Yes, yes. The law applies to “employment contracts entered into, amended or renewed on January 1, 2020 or after January 1, 2020.” (Added highlight.) This means that existing agreements should remain applicable under existing legislation. Remarkable, as designed, the statue does not define “extended”; We therefore expect to meet the challenges of an arbitration agreement that will be extended from 2019 to January 1, 2020. AB 1715, if the governor signed it, would probably be repressed under the previous FAA and United States Supreme Court. As noted above, the FAA anticipates all state laws inconsistent with the FAA`s goal of promoting arbitration. In Doctor`s Associates, Inc. Casarotto and Circuit City Stores v. Adams, the U.S. Supreme Court ruled that state courts do not invalidate arbitration agreements under state laws that apply only to the provisions of arbitration. AB 1715 is certainly a state law that applies only to arbitration agreements (not contracts in general) and therefore is unlikely to survive a legal challenge. The implementation of a valid arbitration agreement requires two factors to be taken into account. First, the agreement must define the types of rights that can be submitted to arbitration. Second, the agreement must be linked to California`s contractual laws on the formation of a valid and enforceable agreement.

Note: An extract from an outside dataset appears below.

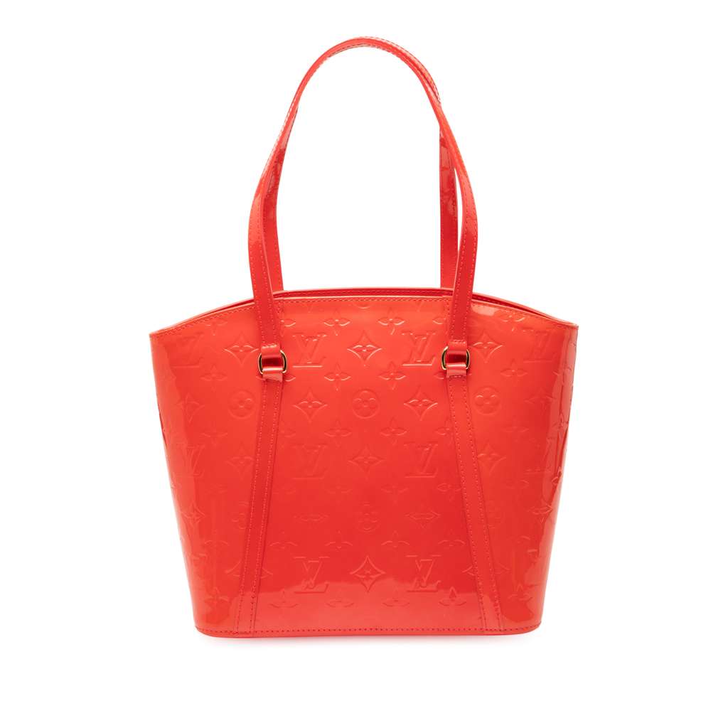 The Avalon MM features a monogram vernis leather body, flat leather straps, an open top with a lobster clasp closure, and interior zip and slip pockets.

No, as long as the law is not anticipated by the FAA. Pending the adoption of AB 51, an employer could require a mandatory reconciliation of legal rights prior to litigation for all persons who have accepted employment. Under AB 51, an employer cannot make arbitration as a condition of employment. Any employer who does so may face rights of retaliation or discrimination under the law. In the fall of 2019, California Governor Gavin Newsom signed AB 51. Legislation prevents companies and organizations from resolving most types of workplace rights through arbitration procedures. The bill is harsh – it even involves the possibility of criminal sanctions for employers who have broken this law. In a subsequent decision, Little v. Auto Stiegler, the Supreme Court extended Armendariz`s common law claims for unlawful dismissal in violation of public order. It is not certain that an agreement to arbitrate other common law rights (for example). B violation of the tacit contract) must comply with Armendariz`s requirements.

Mr. Armendariz also left other issues, such as. B this constitutes a “reasonable” discovery of the costs that an employer may share with the worker and may reserve certain rights to the judgment of a court, such as. B trade secrets breaches. Several appelal courts issued opinions after Armendariz and answered some of these questions.